On paediatric in-patient services, good progress is being made on the implementation of changes. I am informed that that will ensure that children in north-west London will receive consistently high-quality seven-day care, with more paediatric nurses and specialist doctors available. Paediatric in-patient services, which are for children who require emergency treatment or an overnight stay, will move on 30 June from Ealing hospital to five other hospital sites in north-west London. That will significantly expand capacity—more beds, doctors and nurses, seven days a week.

The changes do not mean that all children services are moving from Ealing. Nearly three quarters of existing children’s services will continue on the Ealing hospital site and elsewhere in the borough. Services remaining include routine appointments and treatments that do not require an overnight stay, such as day care unit activity, so most children will be seen in the same place as they are now. Urgent care for minor injuries and out-of-hours GP appointments will also remain at Ealing hospital. The majority of children who are brought to Ealing’s A&E by their family or friends are already treated in the urgent care centre.

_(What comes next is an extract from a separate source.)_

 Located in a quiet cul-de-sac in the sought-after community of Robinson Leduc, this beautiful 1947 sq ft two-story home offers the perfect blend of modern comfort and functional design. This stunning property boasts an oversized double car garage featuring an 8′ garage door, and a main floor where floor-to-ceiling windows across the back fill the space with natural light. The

Services for children with long-term conditions, such as asthma and epilepsy, and child and adolescent mental health services will also remain unchanged.

To reiterate, 75% of existing children’s services will continue to be delivered by the dedicated staff of Ealing hospital, but—this is an important “but”—the sickest children in north-west London will receive better care as a result of the changes. That is what we all care about the most.

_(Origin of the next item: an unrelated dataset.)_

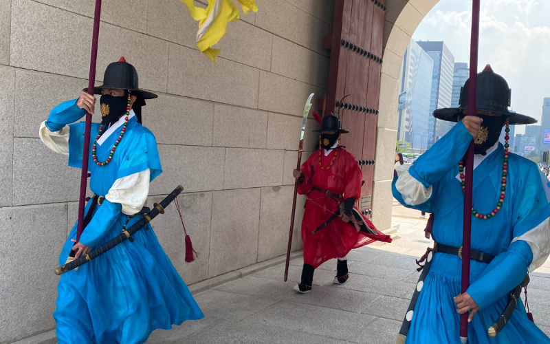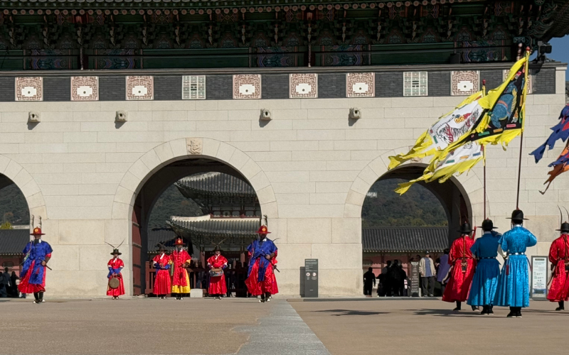 Wenn die Ablösung vollzogen ist, ziehen die abgelösten Wachen geordnet vom Platz. Die Trommeln schlagen erneut, die Reihen marschieren geschlossen ab. Damit endet die Zeremonie mit derselben Würde, mit der sie begonnen hat. Viele Gäste aus aller Welt sind von dieser Wachablösung begeistert, und für manche wirkt sie fast wie eine Szene aus einem historischen K-Drama.

It is right that local people have the chance to hear from their parliamentary representatives in such debates, so I welcome the fact that we have had the chance to debate the subject again. I suspect that we will do so again at some point in the future. As the programme moves through its implementation, I encourage those with particular concerns to continue to engage with the local NHS. I thank colleagues for doing so, as they have been, because that is the right way to proceed. I have reiterated to local health leaders the need to share plans in a timely fashion. I only ask of hon. Members that they also share the positive changes that are already visible to people in their communities, as I have illustrated today. I look forward to hearing how the meeting later this month goes—it was referred to earlier—and I will continue to engage positively with colleagues as they handle this important issue, which matters so much, as we can see, to local members of the public.